Thinking about cognitive distortions and wondering if it offers a useful way to think about relationships. For example, I tend to “spend time in my head” analyzing my thoughts and patterns of behaviour to a much larger extent than my husband. One of the reasons I fell in love with him is his ability to enjoy life without getting too stuck analyzing everything. Admittedly, I think about what he’s thinking about thinking in order to try to understand it better. ;->

Comment by Gwen | 31 Jan 2008 @ 8:26pm



Emotional reasoning - Making decisions and arguments based on how you feel rather than objective reality.

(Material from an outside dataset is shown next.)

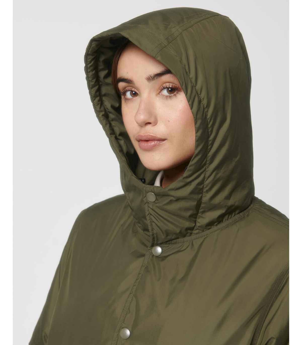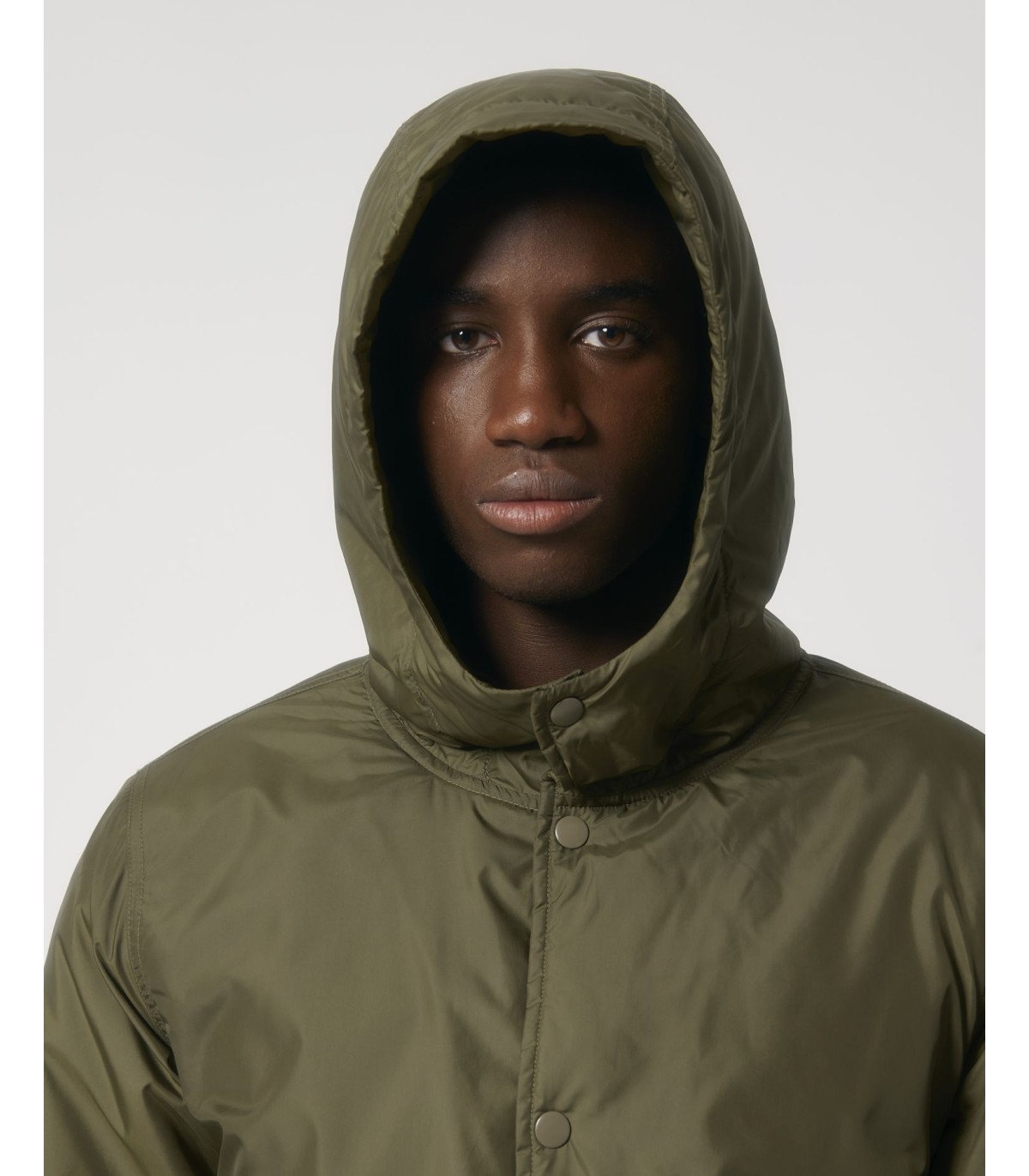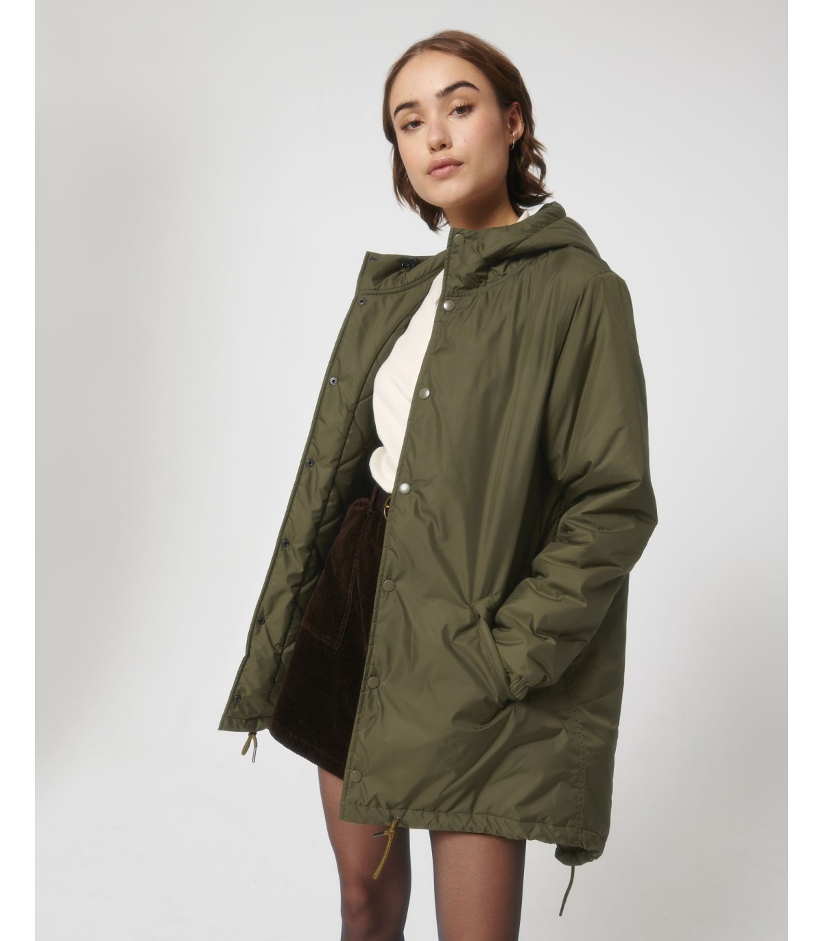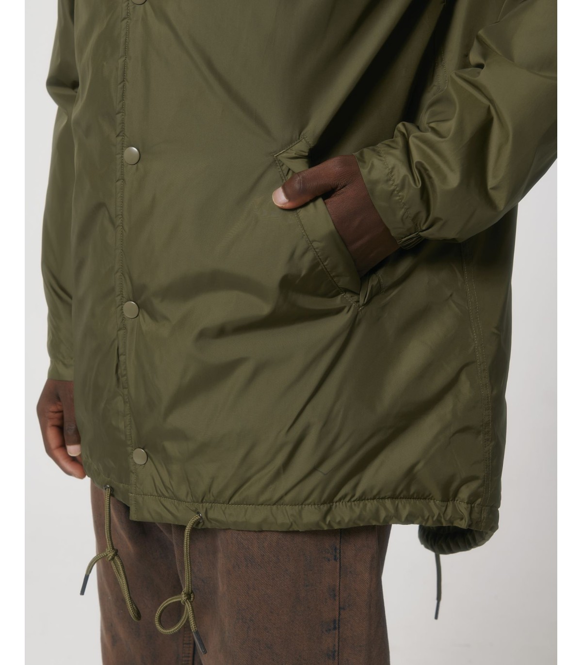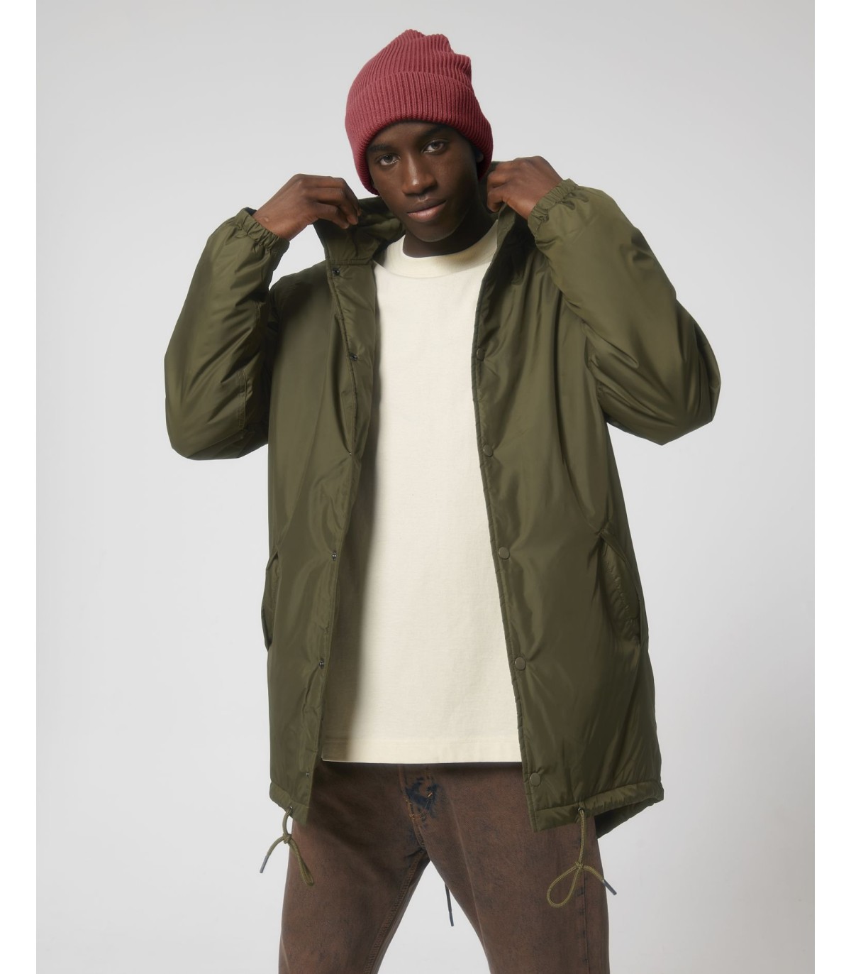 - Capuche doublée avec arrêt en plastique ajustable et cordon élastique à l’intérieur

I think that this seemingly linchpin of “cognitive therapy” is misleading and a cognitive distortion, itself. Feeling is not “not reality.” On the other hand, objective reality is rather elusive, for example, given all the cognitive distortions available (many more than those in the list, given here). There is left brain thinking and right brain thinking. Either or both can be distorted, or clear and in touch with reality. I know of numerous “all or nothing” sorts of generalizations that are patently false and rather dangerous, sometimes. This one about the value-less-ness of decisions based in feeling is right up there (determined, of course, in my most objective thinking mode).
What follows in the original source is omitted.